To do:
All that is needed is an exact copy of the lines from the beginning of the data below through the line containing "트럼프 코인 총격 이후 개떡상함", minus the pictures.

BEGIN Given entries

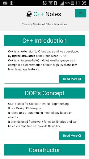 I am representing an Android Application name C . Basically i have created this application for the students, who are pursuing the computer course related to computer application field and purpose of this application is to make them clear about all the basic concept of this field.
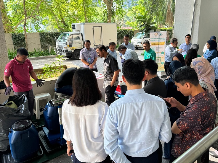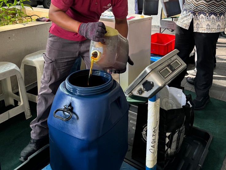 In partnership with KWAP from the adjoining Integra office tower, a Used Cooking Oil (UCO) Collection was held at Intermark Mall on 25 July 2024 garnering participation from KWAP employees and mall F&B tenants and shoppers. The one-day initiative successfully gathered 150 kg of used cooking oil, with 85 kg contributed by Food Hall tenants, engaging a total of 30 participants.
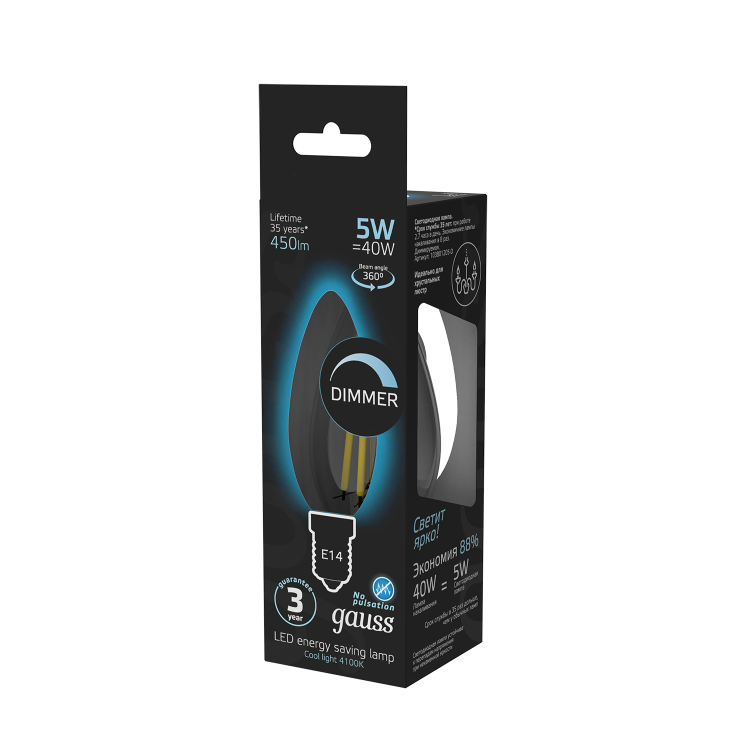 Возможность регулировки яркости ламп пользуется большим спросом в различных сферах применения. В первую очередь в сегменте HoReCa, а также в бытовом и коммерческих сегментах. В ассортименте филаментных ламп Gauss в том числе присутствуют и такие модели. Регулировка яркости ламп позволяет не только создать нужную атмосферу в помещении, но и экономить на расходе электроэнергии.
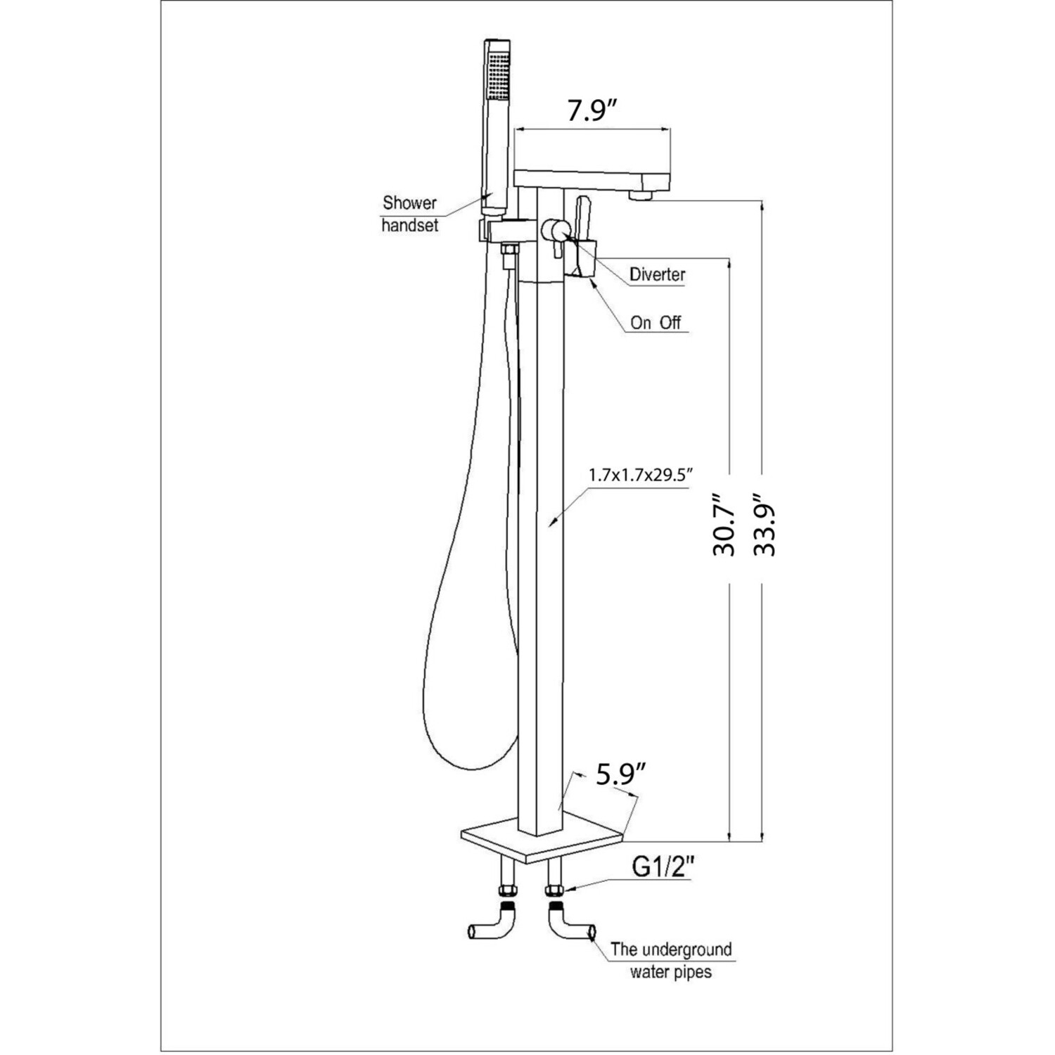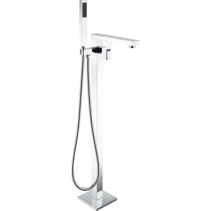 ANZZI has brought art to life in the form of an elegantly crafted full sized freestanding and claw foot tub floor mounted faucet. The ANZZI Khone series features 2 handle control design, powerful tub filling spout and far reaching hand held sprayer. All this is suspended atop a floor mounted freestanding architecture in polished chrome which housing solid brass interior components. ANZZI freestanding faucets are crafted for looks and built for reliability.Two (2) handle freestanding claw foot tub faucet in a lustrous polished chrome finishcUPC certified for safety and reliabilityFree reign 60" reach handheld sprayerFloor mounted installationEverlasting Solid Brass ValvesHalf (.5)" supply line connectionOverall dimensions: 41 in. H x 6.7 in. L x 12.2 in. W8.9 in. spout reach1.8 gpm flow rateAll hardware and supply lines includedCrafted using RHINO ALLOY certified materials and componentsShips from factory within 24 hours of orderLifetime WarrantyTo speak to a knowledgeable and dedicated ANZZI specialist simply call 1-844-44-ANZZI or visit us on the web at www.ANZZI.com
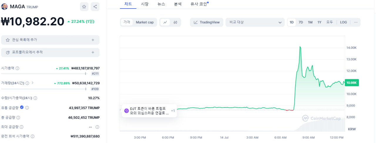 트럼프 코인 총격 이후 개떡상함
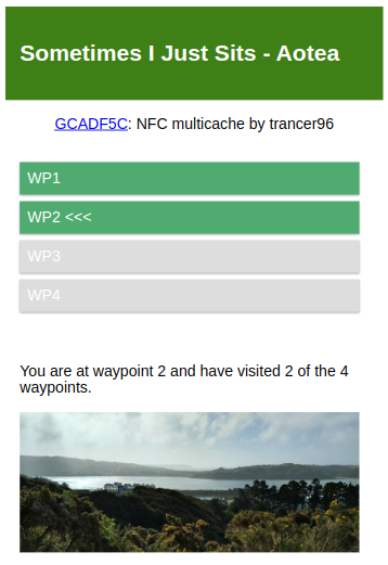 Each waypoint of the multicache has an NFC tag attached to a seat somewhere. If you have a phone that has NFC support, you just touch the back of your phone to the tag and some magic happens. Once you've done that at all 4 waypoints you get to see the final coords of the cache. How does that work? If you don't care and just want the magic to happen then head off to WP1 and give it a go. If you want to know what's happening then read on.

END Given entries

Solution to the exercise:
 I am representing an Android Application name C . Basically i have created this application for the students, who are pursuing the computer course related to computer application field and purpose of this application is to make them clear about all the basic concept of this field.
 In partnership with KWAP from the adjoining Integra office tower, a Used Cooking Oil (UCO) Collection was held at Intermark Mall on 25 July 2024 garnering participation from KWAP employees and mall F&B tenants and shoppers. The one-day initiative successfully gathered 150 kg of used cooking oil, with 85 kg contributed by Food Hall tenants, engaging a total of 30 participants.
 Возможность регулировки яркости ламп пользуется большим спросом в различных сферах применения. В первую очередь в сегменте HoReCa, а также в бытовом и коммерческих сегментах. В ассортименте филаментных ламп Gauss в том числе присутствуют и такие модели. Регулировка яркости ламп позволяет не только создать нужную атмосферу в помещении, но и экономить на расходе электроэнергии.
 ANZZI has brought art to life in the form of an elegantly crafted full sized freestanding and claw foot tub floor mounted faucet. The ANZZI Khone series features 2 handle control design, powerful tub filling spout and far reaching hand held sprayer. All this is suspended atop a floor mounted freestanding architecture in polished chrome which housing solid brass interior components. ANZZI freestanding faucets are crafted for looks and built for reliability.Two (2) handle freestanding claw foot tub faucet in a lustrous polished chrome finishcUPC certified for safety and reliabilityFree reign 60" reach handheld sprayerFloor mounted installationEverlasting Solid Brass ValvesHalf (.5)" supply line connectionOverall dimensions: 41 in. H x 6.7 in. L x 12.2 in. W8.9 in. spout reach1.8 gpm flow rateAll hardware and supply lines includedCrafted using RHINO ALLOY certified materials and componentsShips from factory within 24 hours of orderLifetime WarrantyTo speak to a knowledgeable and dedicated ANZZI specialist simply call 1-844-44-ANZZI or visit us on the web at www.ANZZI.com
 트럼프 코인 총격 이후 개떡상함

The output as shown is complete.